When Bianchi broke down the CEOs by age, she found a much smaller compensation difference in those who came into adulthood during economic downturns. They paid themselves 1.7 times as much as the next highest-paid worker, compared to CEOs who came of age in more robust economies, who paid themselves 2.3 times as much. A similar trend emerged when she looked at age and economy correlations in a nationwide study of 30,000 respondents from 2004.

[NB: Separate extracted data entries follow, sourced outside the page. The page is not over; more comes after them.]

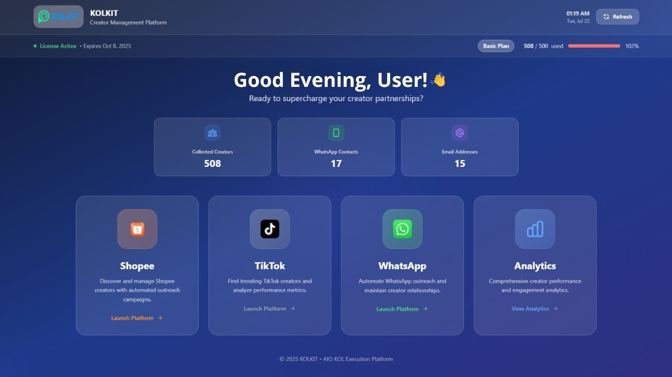 KOLKIT adalah platform otomatisasi outreach yang membantu brand dan seller menemukan, menghubungi, dan bekerja sama dengan kreator TikTok Shop, Shopee affiliator semua dalam satu tempat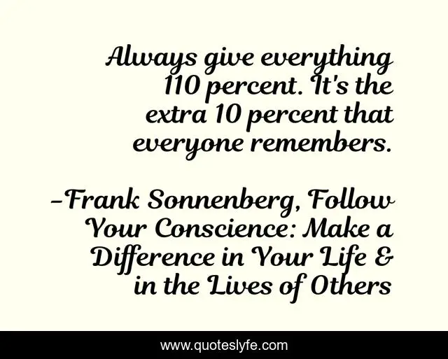 "Frank Sonnenberg, Follow Your Conscience: Make a Difference in Your Life & in the Lives of Others Quotes." Quoteslyfe.com, 2025. Fri. 05 Dec. 2025. <https://www.quoteslyfe.com/quote/Always-give-everything-110-percent-It-s-186324>.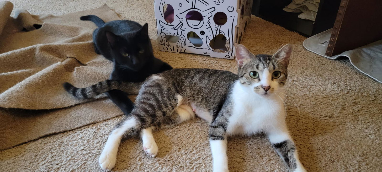 Such a sweet girl! Doesn't know what stranger means. Always willing to eat. Can be very playful! Loves Wand toys. When she gets the zoomies it is so cute! Just like a kitten but with the maturity of an adult! Her adoption fee is $85 which includes all of her vetting (spay, microchip, and all age-appropriate vaccines).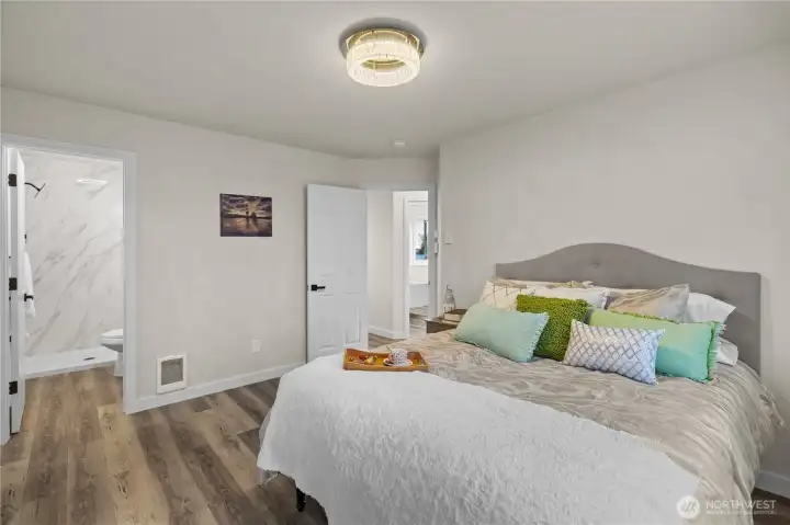 Pleasant urban living at its best! This beautifully remodeled 3-bedroom, 2-bath home with a 2-car garage, built in 1995, is move-in ready and filled with natural light. The spacious new kitchen offers abundant storage, sophisticated finishes, and stainless steel appliances—perfect for everyday living and entertaining. Both bathrooms are tastefully renovated. The primary suite features a private ¾ bath and a generous walk-in closet. Fresh interior and exterior paint give the home a crisp, modern feel. On clear days, enjoy views of Mount Rainier from the kitchen window or backyard. The fully fenced, spacious yard is ideal for relaxing, gardening, or gatherings. Located on a quiet, private dead-end street, this home offers peaceful living while remaining close to casinos, the city center, and major freeways. Down payment assistance programs available. Don’t miss this bright and charming home!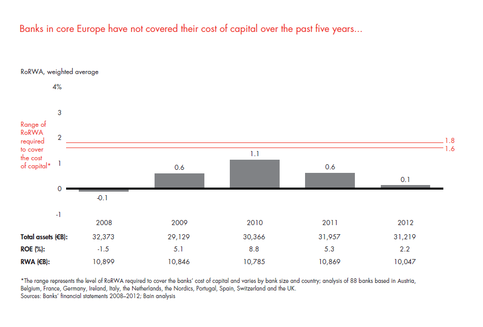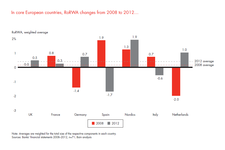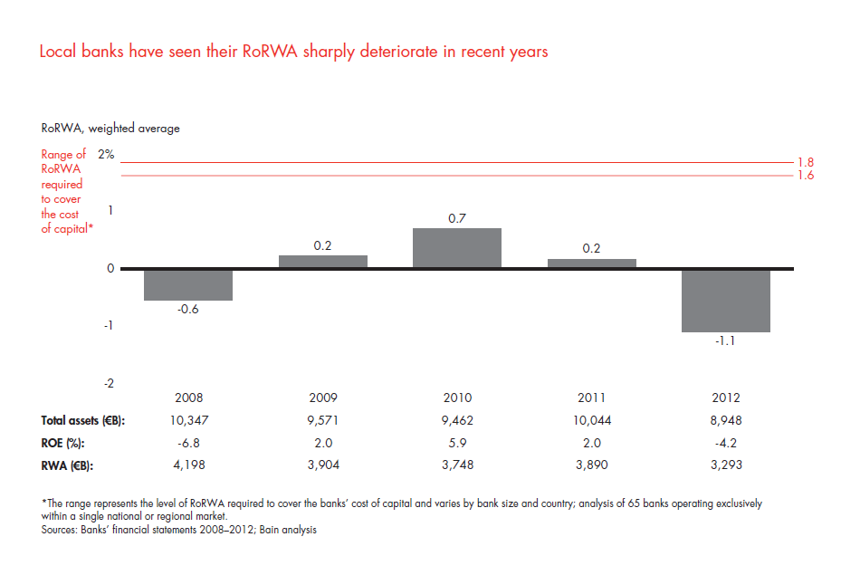Local banks in core Europe struggled, weighed down by nonperforming loans and flat revenues. Their RoRWAs were negative in both 2008 and 2012 and did not come close to covering their cost of capital.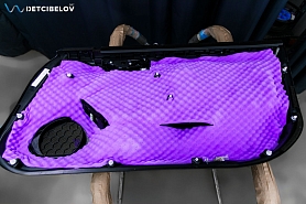 Заключительным слоем используем шумопоглощающий материал последнего поколения – пенополиуретановую пенорезину StP Biplast Premium (15 мм) с увеличенным коэффициентом шумопоглощения, который окончательно задерживает посторонние шумы. Этот же материал, выступает в роли антискрипа. Наносим его на карты дверей.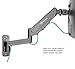 Fully adjustable articulating arm features tilt -35 ~ +35 degrees and swivel 180 degrees, thanks to gas-spring system the arm goes up and down, helping you to reduce eye, back and neck strain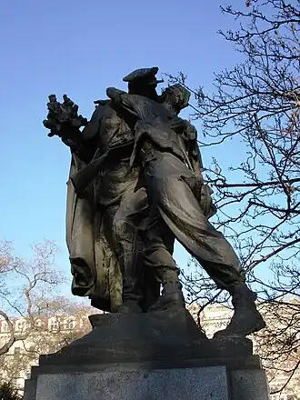 Brotherhood (Czech: Sbratření, lit.'Fraternation') is a sculpture by the Czech sculptor Karel Pokorný (1891-1962). Initially placed in Česká Třebová, Czechoslovakia in 1951, it was dedicated to the end of the Prague Offensive during World War II.[1] Its replicas were established in Prague (1960, replaced in 1988[1]), Saint Petersburg (1977) and Kurpaty, Crimea (1985). The sculpture depicts the meeting of a Soviet Red Army soldier and a Czech militiaman in May 1945. Soviet art critics evaluated Brotherhood as one of the best works of socialist realism.[2] This sculpture became a symbol of friendship between the peoples of the Soviet Union and Czechoslovakia.[3] Its image was used on stamps, coins, banknotes, etc.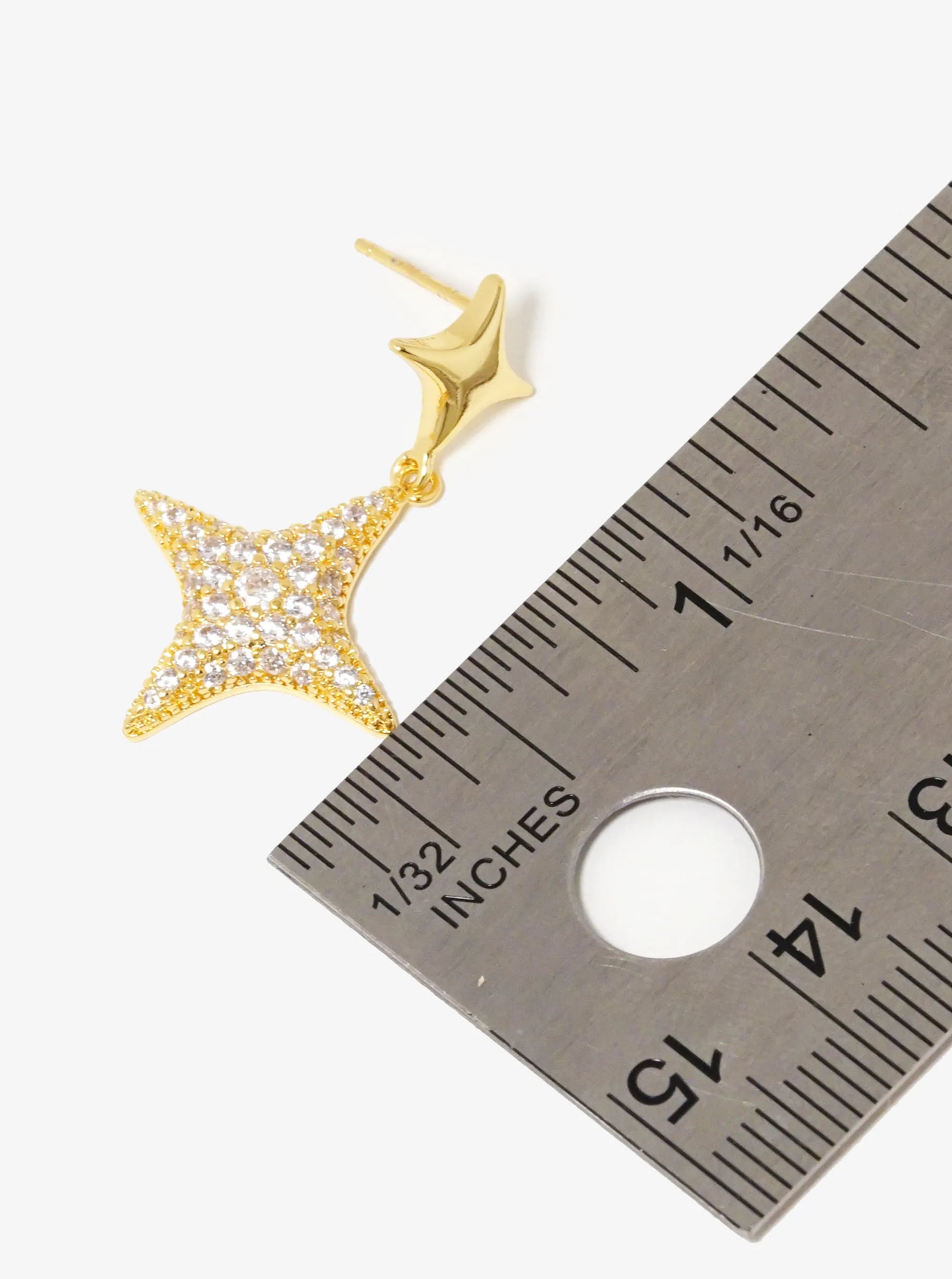 18K Gold Dipped CZ Pave Double Puffy Sparkle Stars Drop Earrings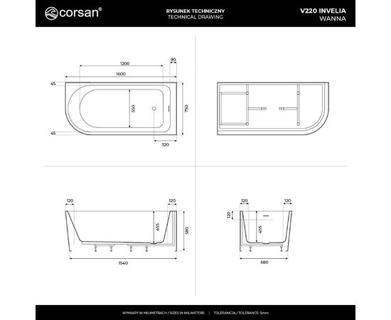 CORSAN V220LLBGL - Wanna narożna INVELIA V220LLBGL 160x75 cm Montaż lewstronny Przelew szczelinowy Korek klik klak Złoto szczotkowane.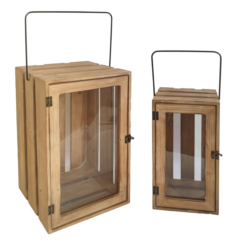 Millwood Pines VIP Wood 17.75 in. Brown Wooden Crate Lantern with Glass ...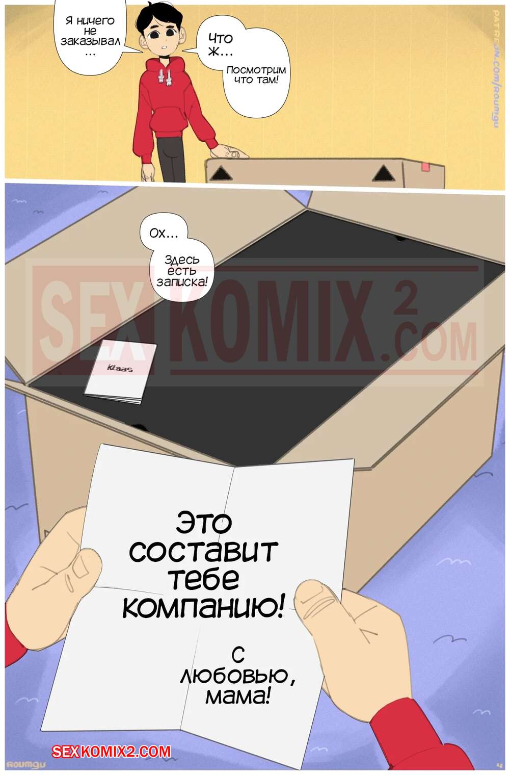 Порно комикс Кукла. DOLL. Roumgu Парню домой пришла большая посылка, которую ему отправила его мама. В ней он нашел сексуальную голую куклу. Парень наконец решил потерять девственность и воспользовался куклой как следует.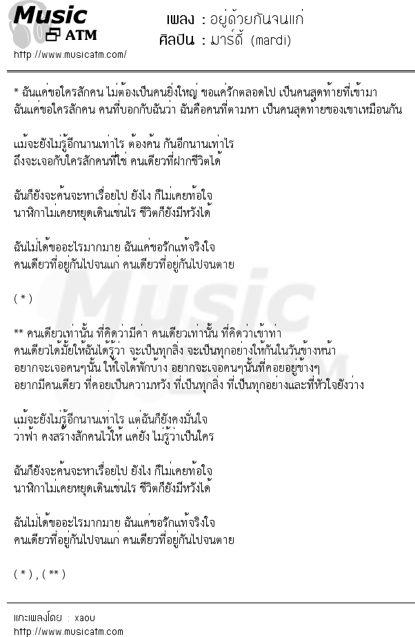 นอกจากหัวข้อ อยู่ด้วยกันจนแก่ แล้วคุณสามารถดูเนื้อเพลงเพิ่มเติมได้ที่นี่: Lyrics.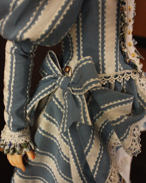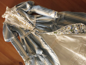 オーバースカート裏側も別布(小花柄ローン)。縁には細巾トーションレースを挟みます。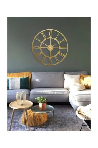 Wall Art Home Gold Classy Metal Duvar Saati - 50 X 50 cm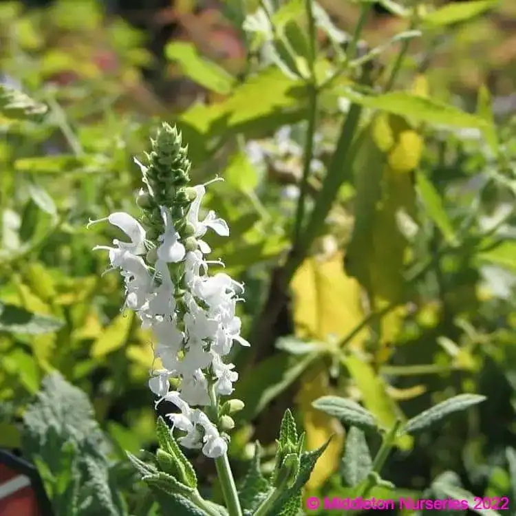 Salvia nemorosa ‘Schneehugel Snowhill’ showcases an abundance of beautiful pure white flowers, blooming from early summer to late autumn. Extremely hardy, it is unlikely to require winter protection. Well-suited for both pots and borders, this variety attracts bees and butterflies with its nectar-rich blooms. To promote a second round of flowering, regular deadheading is recommended.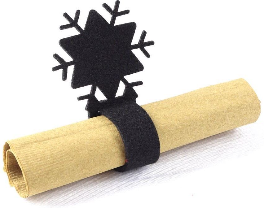 Serwetnik z wzorkiem świątecznym to dekoracja idealna na Boże Narodzenie. Pięknie przyozdobi Twój stół wigilijny i pomoże w stworzeniu świątecznej atmosfery. Materiał: filc. Kolor: czarny. Długość: 21 cm. Szerokość paska: 24 mm.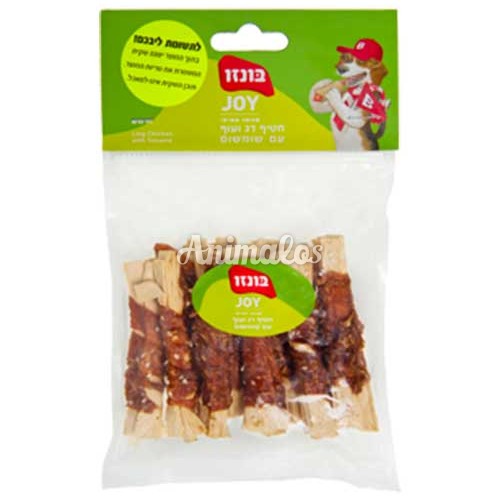 חטיף בונזו ג'וי מספק לכלב נשנוש זמין, טבעי ובריא, עתיר חלבון ודל שומן! חטיפי בונזו ג'וי אינם מכילים תוספים, חומרים משמרים או צבעי מאכל והם בעלי טעם וריח שכלבים מאוד אוהבים.

One of the keys to her study was the age range — 18 to 25. Many researchers believe this is the time period when most young adults form much of their views about life. Past the age of 26, Bianchi found the economy, whether good or bad, had little effect on levels of narcissist.

“I’m very interested in this stage of life,” she says. “It seems so influential in terms of how most people think about themselves and their attitude.”

And while many like to blame the rise in narcissism on helicopter parenting and the selfie-obsessed world of virtual interaction that permeates youth culture, Bianchi’s findings show that the way young people see themselves is partly a product of the health of the economy as a whole.

In another study released earlier this year, Bianchi found that recession graduates benefited from an extra dose of satisfaction because they managed to land a job during hard times.  That knowledge, the study found, acted like something of a talisman for them for years to come, protecting them from disappointment even if they wound up in lower-paying careers. Bianchi found the same effect occurred even after controlling for income, industry, occupation, age, gender and work experience.

“We know a lot about the consequences of being narcissistic, but we know much less about why some people become narcissistic,” Bianchi said. [The economy] seems to have a very lasting imprint in a way that I think is very interesting and important.”